• Task to carry out: Copy every line of the entries that includes the word "Maison".

[Stored items]
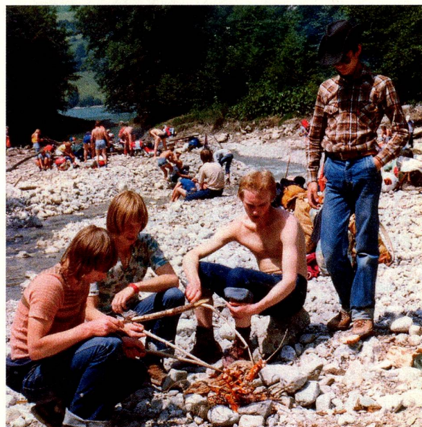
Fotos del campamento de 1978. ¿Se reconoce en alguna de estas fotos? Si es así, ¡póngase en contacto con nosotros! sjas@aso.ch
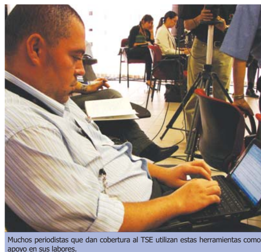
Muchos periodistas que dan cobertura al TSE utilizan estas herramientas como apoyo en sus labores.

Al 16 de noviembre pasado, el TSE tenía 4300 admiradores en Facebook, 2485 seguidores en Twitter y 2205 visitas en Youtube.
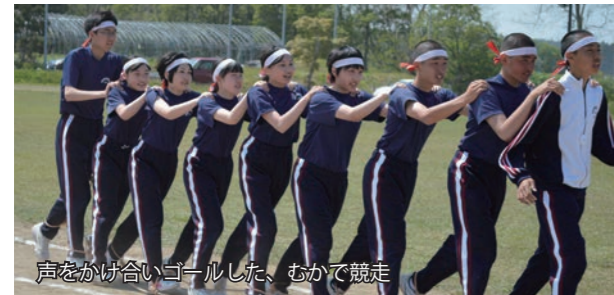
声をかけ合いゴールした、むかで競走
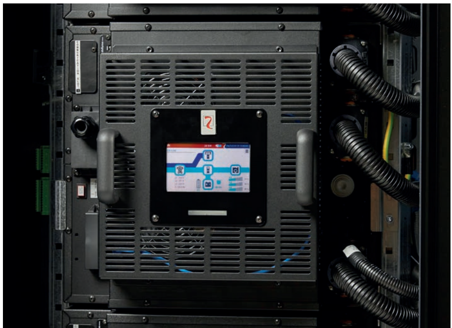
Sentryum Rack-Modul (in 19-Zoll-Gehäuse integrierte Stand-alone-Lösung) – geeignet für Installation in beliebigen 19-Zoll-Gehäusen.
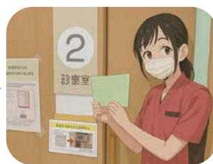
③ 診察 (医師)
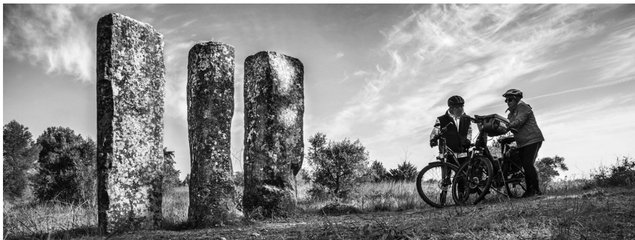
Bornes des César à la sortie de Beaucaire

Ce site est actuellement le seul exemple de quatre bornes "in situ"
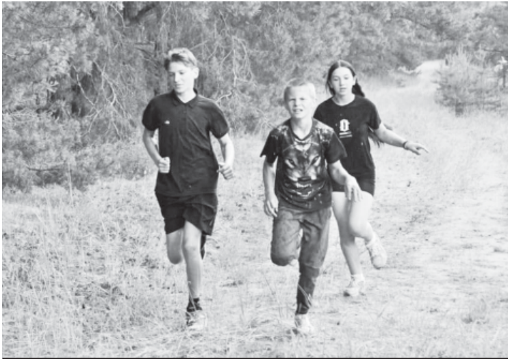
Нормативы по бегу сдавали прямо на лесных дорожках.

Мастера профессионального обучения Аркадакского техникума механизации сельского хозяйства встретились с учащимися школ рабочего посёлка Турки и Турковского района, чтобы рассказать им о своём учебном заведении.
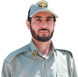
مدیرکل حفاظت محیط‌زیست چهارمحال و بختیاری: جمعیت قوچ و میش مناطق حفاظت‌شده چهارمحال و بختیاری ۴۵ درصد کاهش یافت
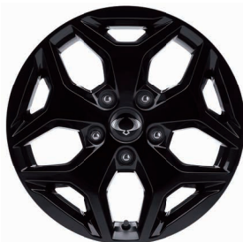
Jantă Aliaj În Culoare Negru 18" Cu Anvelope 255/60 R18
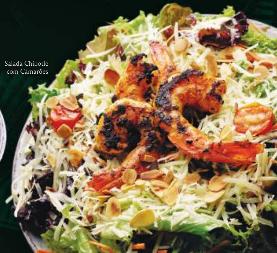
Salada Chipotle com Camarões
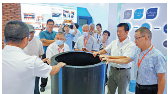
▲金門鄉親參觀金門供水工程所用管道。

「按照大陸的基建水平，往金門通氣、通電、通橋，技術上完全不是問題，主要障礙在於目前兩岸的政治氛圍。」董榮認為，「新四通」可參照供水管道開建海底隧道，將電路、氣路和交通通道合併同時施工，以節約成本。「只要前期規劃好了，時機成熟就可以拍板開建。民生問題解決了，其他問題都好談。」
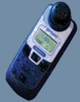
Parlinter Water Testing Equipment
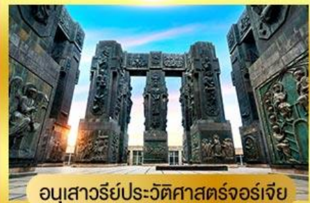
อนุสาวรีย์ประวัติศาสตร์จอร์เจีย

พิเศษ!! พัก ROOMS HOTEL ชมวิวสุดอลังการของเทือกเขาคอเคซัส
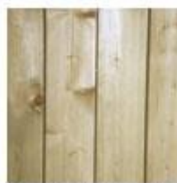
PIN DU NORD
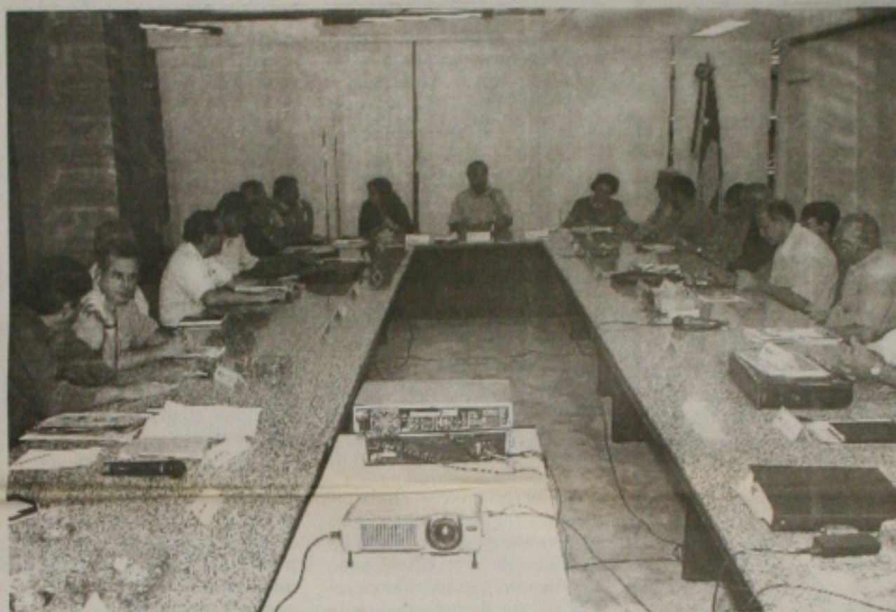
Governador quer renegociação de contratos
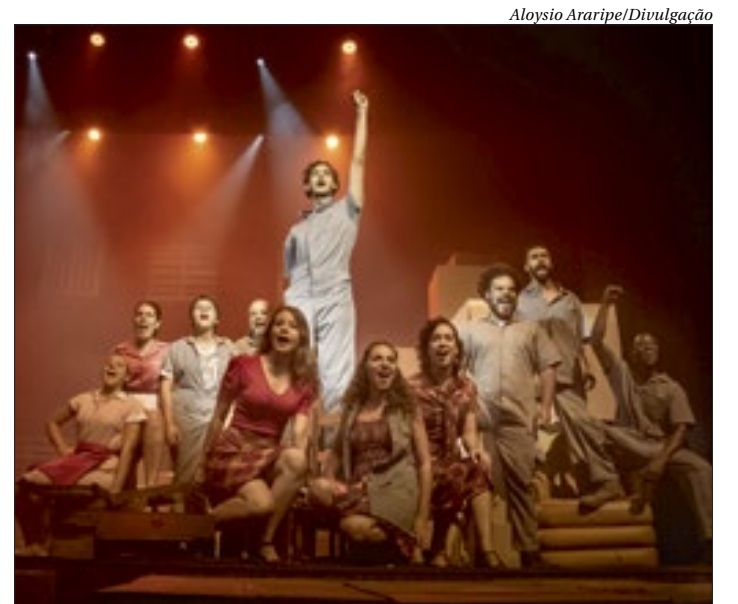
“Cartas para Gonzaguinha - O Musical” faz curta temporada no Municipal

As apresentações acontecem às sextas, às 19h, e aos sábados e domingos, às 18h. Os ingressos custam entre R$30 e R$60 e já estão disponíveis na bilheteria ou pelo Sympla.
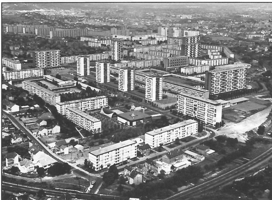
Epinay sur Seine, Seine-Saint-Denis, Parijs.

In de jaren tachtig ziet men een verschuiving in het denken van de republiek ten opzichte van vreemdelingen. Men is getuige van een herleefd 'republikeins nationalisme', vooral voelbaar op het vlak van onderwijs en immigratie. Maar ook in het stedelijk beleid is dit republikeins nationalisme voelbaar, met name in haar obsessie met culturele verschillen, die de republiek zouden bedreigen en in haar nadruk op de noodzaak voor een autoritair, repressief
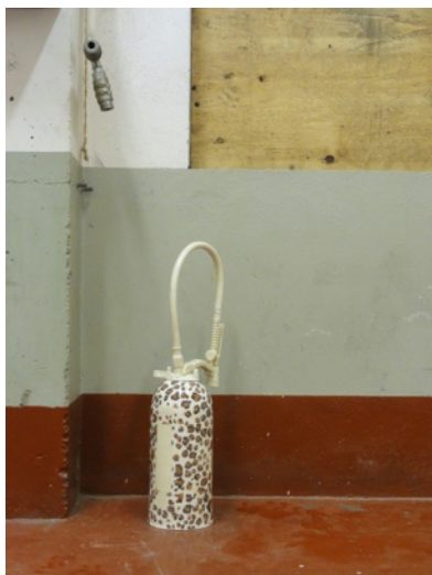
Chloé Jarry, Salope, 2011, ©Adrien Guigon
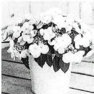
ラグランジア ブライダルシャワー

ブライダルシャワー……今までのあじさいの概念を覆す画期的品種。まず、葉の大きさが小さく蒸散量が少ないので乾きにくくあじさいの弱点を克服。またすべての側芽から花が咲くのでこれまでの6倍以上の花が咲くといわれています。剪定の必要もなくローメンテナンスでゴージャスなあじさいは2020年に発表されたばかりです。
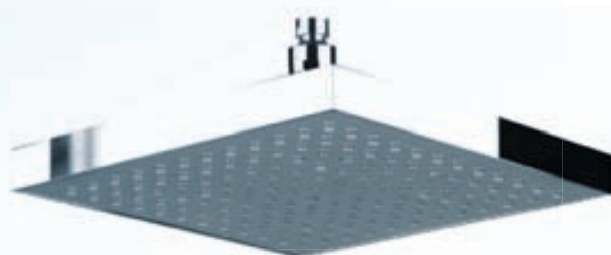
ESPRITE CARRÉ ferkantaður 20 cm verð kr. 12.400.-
--
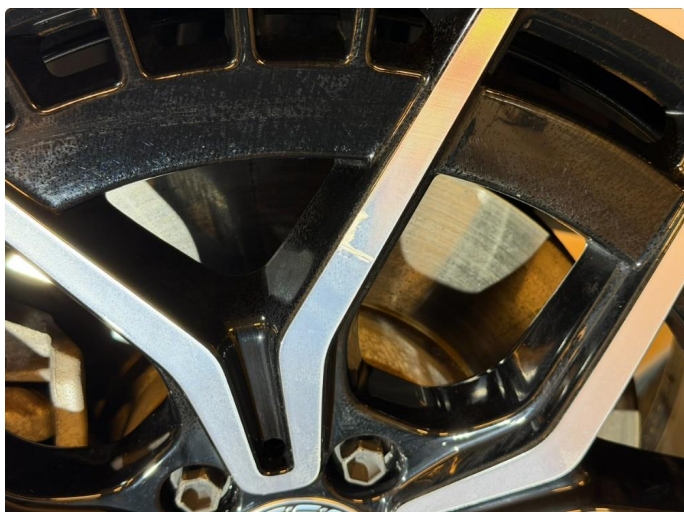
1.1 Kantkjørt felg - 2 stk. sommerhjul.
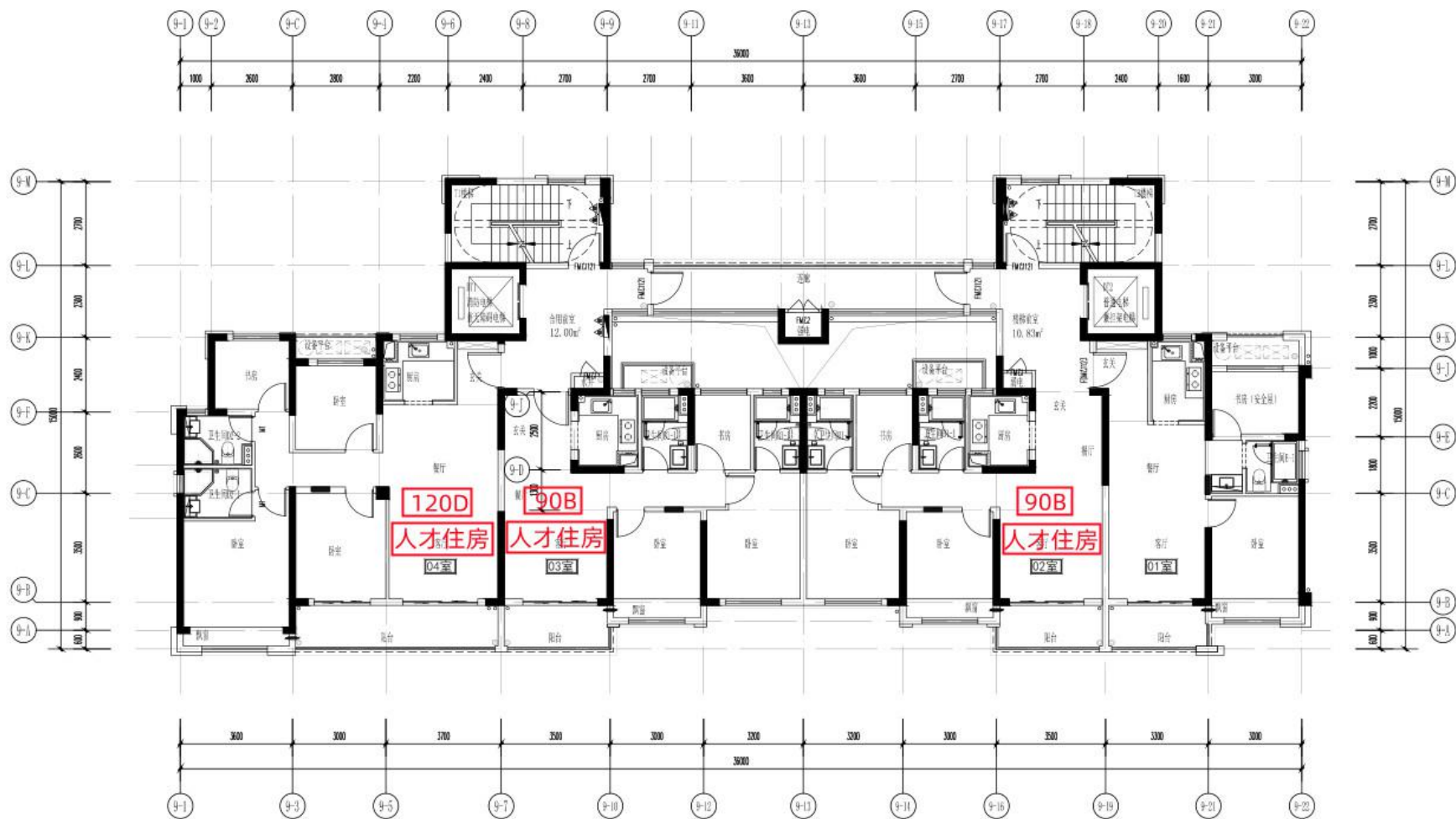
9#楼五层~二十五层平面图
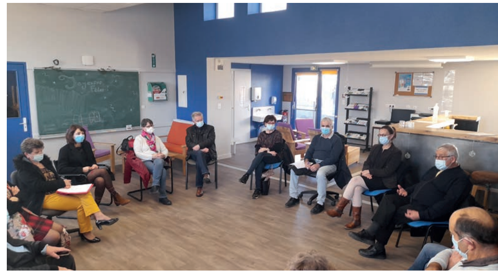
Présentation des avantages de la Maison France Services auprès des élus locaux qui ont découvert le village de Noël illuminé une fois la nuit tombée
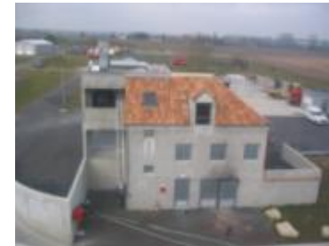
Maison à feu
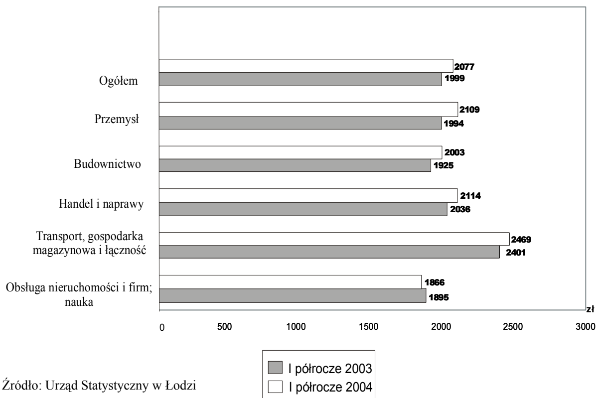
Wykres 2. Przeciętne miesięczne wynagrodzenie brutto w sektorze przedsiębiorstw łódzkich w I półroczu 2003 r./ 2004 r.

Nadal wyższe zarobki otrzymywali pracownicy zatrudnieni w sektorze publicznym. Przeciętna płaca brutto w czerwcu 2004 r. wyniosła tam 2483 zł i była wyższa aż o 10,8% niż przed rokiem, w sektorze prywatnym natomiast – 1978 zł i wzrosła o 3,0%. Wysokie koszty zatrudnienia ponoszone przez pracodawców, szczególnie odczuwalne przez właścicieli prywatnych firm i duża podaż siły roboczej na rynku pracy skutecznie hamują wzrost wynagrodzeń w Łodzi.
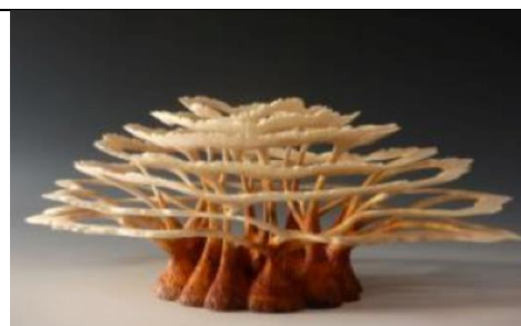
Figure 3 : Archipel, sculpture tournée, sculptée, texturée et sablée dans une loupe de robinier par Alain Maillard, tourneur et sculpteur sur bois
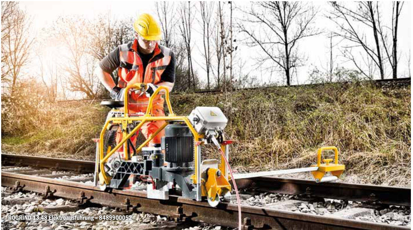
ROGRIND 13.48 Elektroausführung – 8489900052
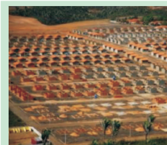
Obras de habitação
...
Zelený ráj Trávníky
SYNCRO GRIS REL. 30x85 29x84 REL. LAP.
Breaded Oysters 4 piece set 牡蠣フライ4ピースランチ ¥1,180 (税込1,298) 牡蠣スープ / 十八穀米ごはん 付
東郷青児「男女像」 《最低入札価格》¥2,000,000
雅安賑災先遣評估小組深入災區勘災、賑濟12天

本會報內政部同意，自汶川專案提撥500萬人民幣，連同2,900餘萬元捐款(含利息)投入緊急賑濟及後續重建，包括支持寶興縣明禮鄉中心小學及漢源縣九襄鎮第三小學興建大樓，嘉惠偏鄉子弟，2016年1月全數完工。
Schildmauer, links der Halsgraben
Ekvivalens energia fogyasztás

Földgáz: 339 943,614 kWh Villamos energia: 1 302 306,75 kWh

• Solution for this exercise:
Présentation des avantages de la Maison France Services auprès des élus locaux qui ont découvert le village de Noël illuminé une fois la nuit tombée
Maison à feu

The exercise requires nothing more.